Advice from our professional bodies has been read and digested and various meetings have been called. A profession which simply cannot work from home has vigorously embraced Skype and Facetime.
I pondered my recent weekend on call, the one that came just before the apocalyptically named ‘LOCKDOWN’ was announced. As is always the case in spring, it was busy. A dog with a broken leg, sustained when it failed to clear a cattle grid, could not be treated over the phone, or from home.
The four sheep to lamb and the alpaca with a prolapse all required hands-on attention and so too did a pyrexic dog with prostatitis, which needed intravenous antibiotics throughout Saturday evening and most of Sunday. So, it is fortunate that vets are still allowed to continue our work, at least to some extent. After lengthy discussion, a plan was hatched.
A plan of sorts, but one which attempted to balance the requirement to provide care for patients in need, protect the public and protect ourselves, or at least minimise our risks. Over the subsequent days, it was fascinating to see how these, sometimes conflicting, priorities would play out. The front door was shut and clients had to wait outside; routine procedures were cancelled. But then, what constitutes a routine procedure?
The puppy, for instance, who has started his vaccination course and who would be homebound for an unspecified period of time if he didn’t receive his second injection – surely it would be better to finish the course? But did it count as routine? Best veterinary practise had to be modified – could we really achieve an adequate diagnosis by a phone call or a photo on the email?
In the case of Babs the bald guinea pig, I was happy to make a sound judgement following both these things. An avoided visit to the clinic is another exercise in social distancing. We are told to minimise human-to-human contact “to stop the spread of this invisible threat”.
In reality, the bigger risk is to our clients rather than from them. Like other people working directly with the public, vets are certain to be at an increased risk of exposure. And it’s almost impossible to keep our distance. I couldn’t ask each farmer I’d seen over the weekend to “stand a broom-length away” otherwise the sheep would have run off, never to be lambed!

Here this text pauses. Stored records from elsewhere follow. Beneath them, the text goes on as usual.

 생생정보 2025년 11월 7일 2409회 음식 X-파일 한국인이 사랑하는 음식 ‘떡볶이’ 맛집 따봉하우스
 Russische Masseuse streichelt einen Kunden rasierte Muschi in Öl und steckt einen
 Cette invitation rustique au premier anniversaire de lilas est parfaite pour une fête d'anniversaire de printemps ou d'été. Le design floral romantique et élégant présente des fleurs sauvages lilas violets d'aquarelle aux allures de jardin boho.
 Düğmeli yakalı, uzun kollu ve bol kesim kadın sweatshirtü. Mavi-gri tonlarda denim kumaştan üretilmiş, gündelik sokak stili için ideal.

Part of our plan at work has been to split into two teams, working separately and independently of one another. Should one of us succumb, the other team can continue to work in health and harmony, avoiding the need to close down the whole practice.

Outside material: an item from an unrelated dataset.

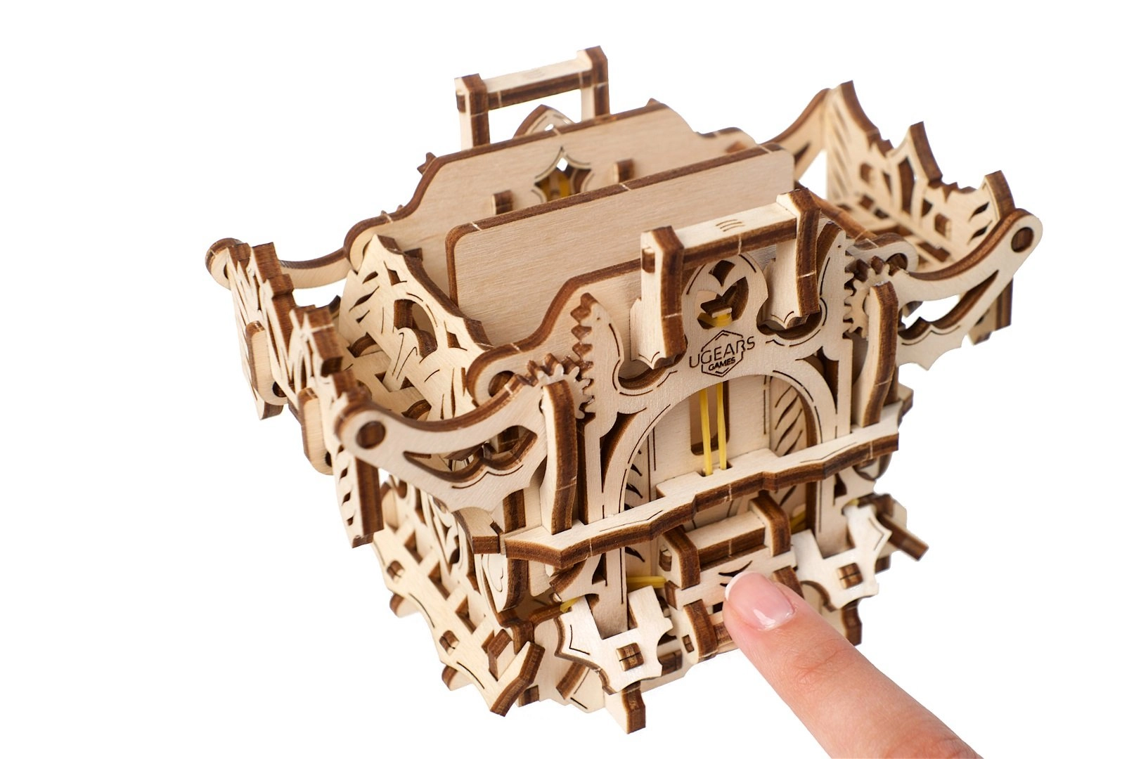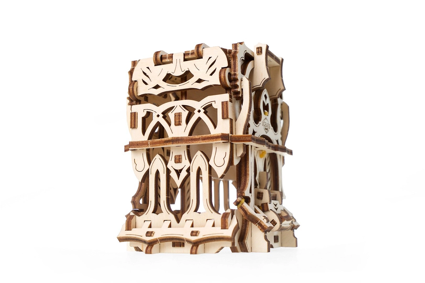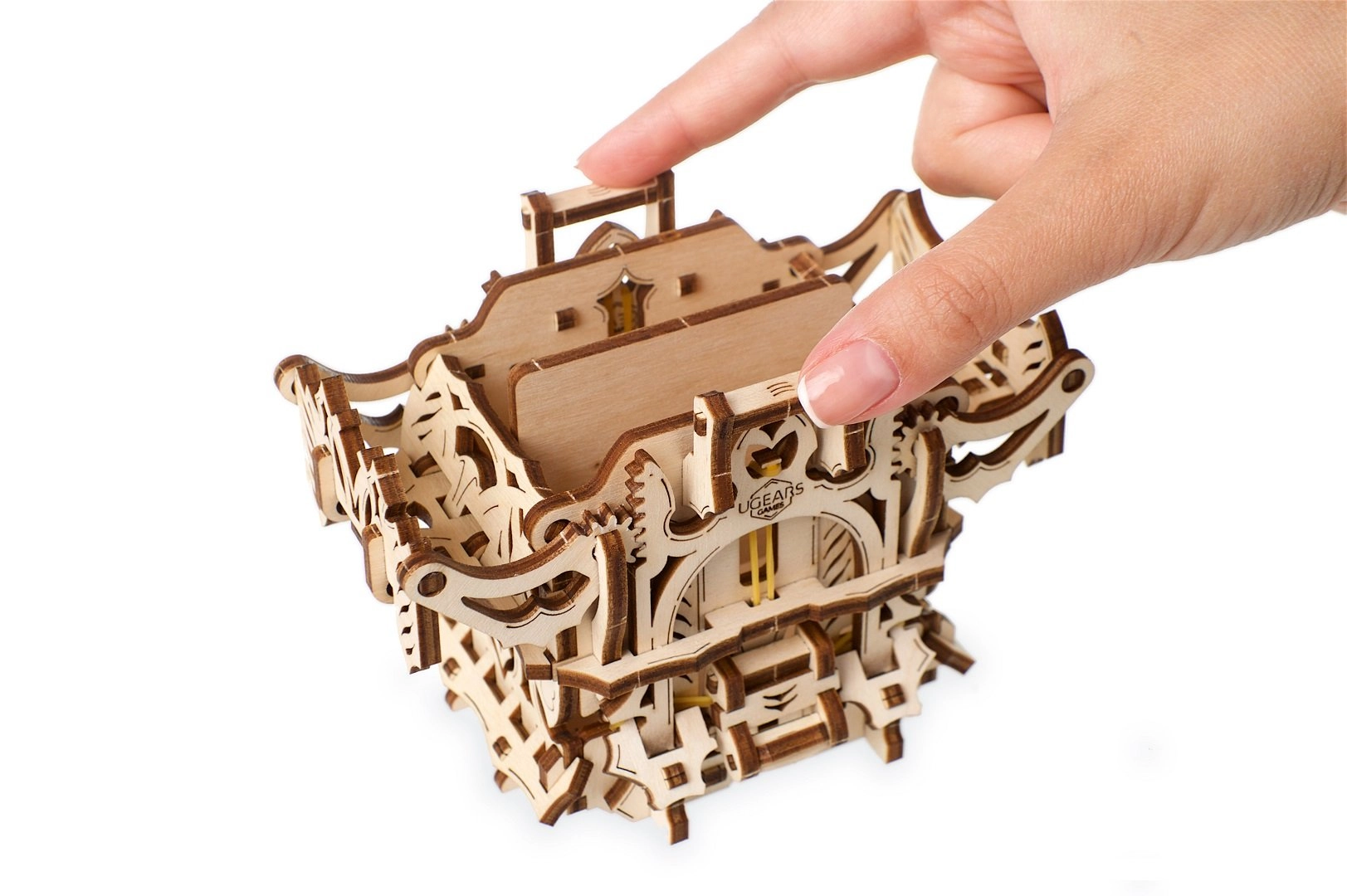 L’elegante scatola per carte in legno di UGEARS unisce un modello meccanico a un pratico contenitore per i tuoi mazzi. Include due scomparti per fino a 120 carte di dimensioni standard, si apre premendo le sporgenze superiori e si chiude con un pulsante alla base della struttura. Il modello in compensato naturale si distingue per decorazioni fantasy, si assembla facilmente senza colla e può essere eventualmente colorato con acquerelli.

I am in team B, which is smaller but arguably more perfectly formed. I wasn’t around at team selection, but I imagine it was a bit like when football teams were chosen at school. Who would be the last to get picked?
I returned to base to find the team selection had been completed. There was just one vet’s car in the practice – belonging to my teammate. I presumed the two of us were starting the first shift. But no! On the day of inception of our ‘team play’ policy, ALL of the A team had been dispatched within five minutes of each other.
Two were doing a caesarean on a cow and the third was repairing a prolapsed ewe! So much for working from home!